Located in Exposition Park next to the LA Memorial Coliseum, where the University of Southern California plays football and site of the 1984 Summer Olympics, the CSC is between the Natural History Museum and the California African American Museum and just west of the 110 Harbor Freeway.

CSC already houses three space capsules -- Mercury 2 that launched the chimpanzee named Ham in 1961, Gemini 11 flown by Pete Conrad and Dick Gordon in 1966 and the U.S. command module from the 1975 Apollo-Soyuz Test Project that featured the first handshakes in space between Americans and the Soviets.

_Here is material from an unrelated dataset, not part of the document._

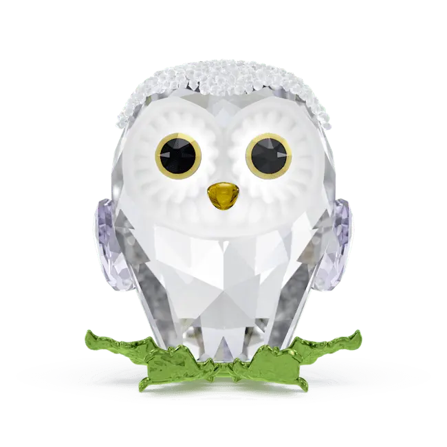 With its bright wide eyes and snow-covered head, this baby owl is irresistibly charming. Inspired by the Idyllia family, the ornament is crafted from 226 facets and approximately 420 crystal rocks. The owl sits atop a branch that is formed from metal with a green surface finish. An enchanting piece that is sure to bring joy to your home décor. Decoration object. Not a toy. Not suitable for children under 15.
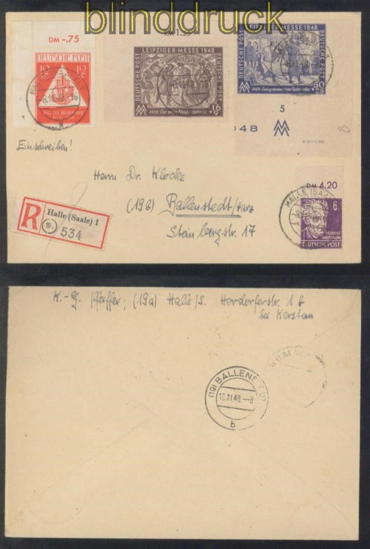 Sowjetische Besatzszone MI # 199 a x mit Druckvermerk in MiF auf R-Brief Halle 50 + 25 Pfg. Leipziger Herbstmesse 1948 mit Druckverk M 301 / C 3285 portogerecht in Mischfrankatur auf Einschreibebrief aus Halle 8.11.1948 nach Ballenstedt rückseitig Ankunftsstempel Erhaltung siehe Scan

Endeavour returned from her final spaceflight on June 1, 2011, touching down at the Florida spaceport after delivering a particle physics experiment to the International Space Station. Over her 19-year flying career, the last of the shuttles to be built, the ship orbited the Earth 4,677 times and accumulated 299 days in space.

The past year has been spent decommissioning the vehicle, removing pyrotechnics, toxics and hazardous materials along with contaminated hardware that could be harmful to the public. Other key components were removed by NASA to save for possible future use.

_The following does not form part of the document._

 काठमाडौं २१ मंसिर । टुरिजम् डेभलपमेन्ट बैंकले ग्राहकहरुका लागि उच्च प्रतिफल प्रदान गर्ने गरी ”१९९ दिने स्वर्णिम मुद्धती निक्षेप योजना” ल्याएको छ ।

She left her homeport at the Kennedy Space Center for the final time Sept. 19 mounted atop the modified Boeing 747 Shuttle Carrier Aircraft, stopping in Houston and then Edwards Air Force Base before arriving at the Los Angeles International Airport on Sept. 21.

Endeavour was offloaded the next day and placed on a transporter was used in the early days of the shuttle program to haul brand new orbiters from their birthplace in Palmdale to Edwards Air Force Base for ferry to Florida. Industrial wheel dollies were added to the overland carrier for the Endeavour procession from LAX.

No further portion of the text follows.